In addition to benefiting indirectly from immigrant voting for urban Democratic politicians, these urban bureaucracies and special interests benefit directly from increased immigration, which swells their constituencies, which leads in turn to more money, more jobs, and more power. Unionized public school bureaucracies gain more students; progressive nonprofits gain more clients; and more funds flow to supposed representatives of “underrepresented communities”—representatives who, in general, are far more affluent and educated than the populations they purport to represent on the basis of shared skin color or other identity politics markers.
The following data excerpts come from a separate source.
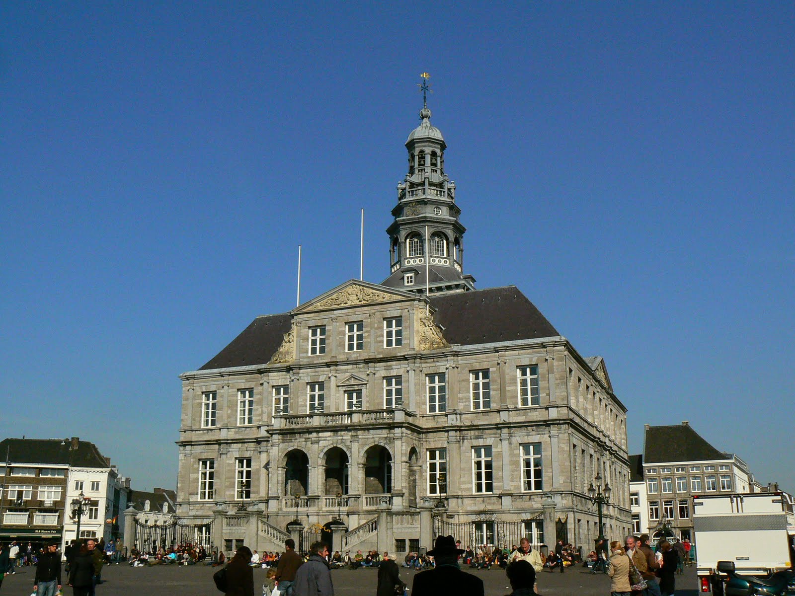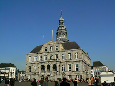 Din Vrijthof, daca o luati la dreapta, ajungeti in Markt, cea de-a doua piata centrala din Maastricht, dominata de Primaria orasului – primaria are 2 randuri de scari nu pentru simetrie, ci pentru ca la un moment dat erau doi primari – unul olandez si unul spaniol (Tarile de Jos au fost sub ocupatie spaniola la un moment dat) care nu voiau sa dea nas in nas.
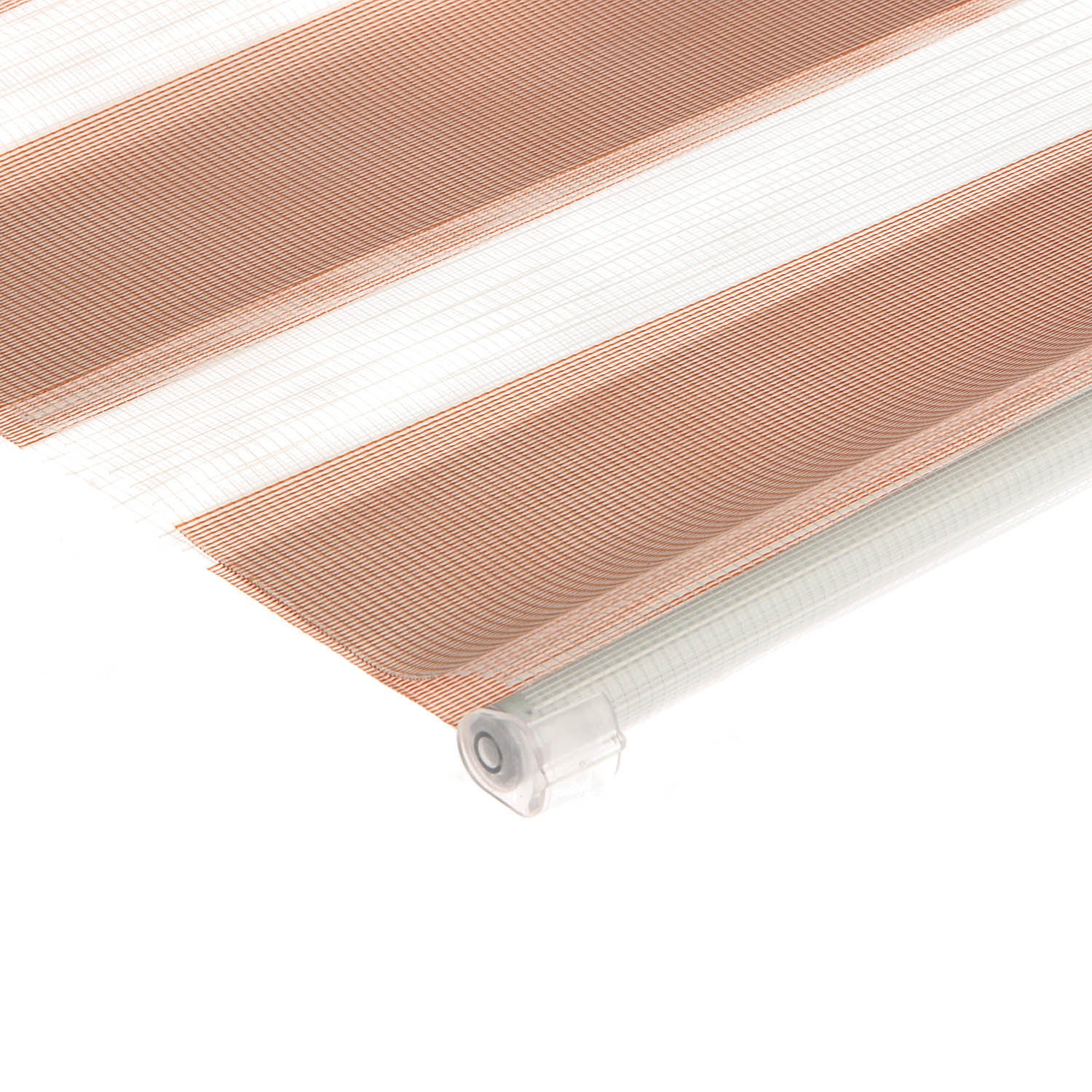 Режим «День». Полосы полотна чередуются: светопроницаемые и блокирующие свет. В этом случае в комнату попадает 50% света за счет чередования полос.
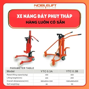 Xe nâng đẩy phuy thấp 300kg YTC 0.3A Niuli là thiết bị chuyên dụng để di chuyển, xoay chuyển và sắp xếp các loại phuy tiêu chuẩn 200 lít chứa dầu, hóa chất, sơn, dung môi hoặc các loại chất lỏng khác. Với tải trọng nâng tối đa 300kg, xe giúp người lao động dễ dàng xử lý phuy nặng mà không tốn nhiều sức, đồng thời đảm bảo an toàn trong quá trình vận chuyển.

Declining American religions, too, have joined the city-centered Democratic “coalition of the declining” in the hopes of shoring up their power base and funding. As Americans become more secular, both mainline Protestants and evangelical Protestants have been shrinking as shares of the U.S. population. The Catholic Church, the largest denomination in the U.S., has maintained its numbers only because foreign-born members have replenished U.S.-born Catholics who have left the Church. According to the Population Reference Bureau, “New immigrants arriving in the United States—many Catholics from Latin America—have helped offset the decline in religious affiliation among the U.S.-born population.”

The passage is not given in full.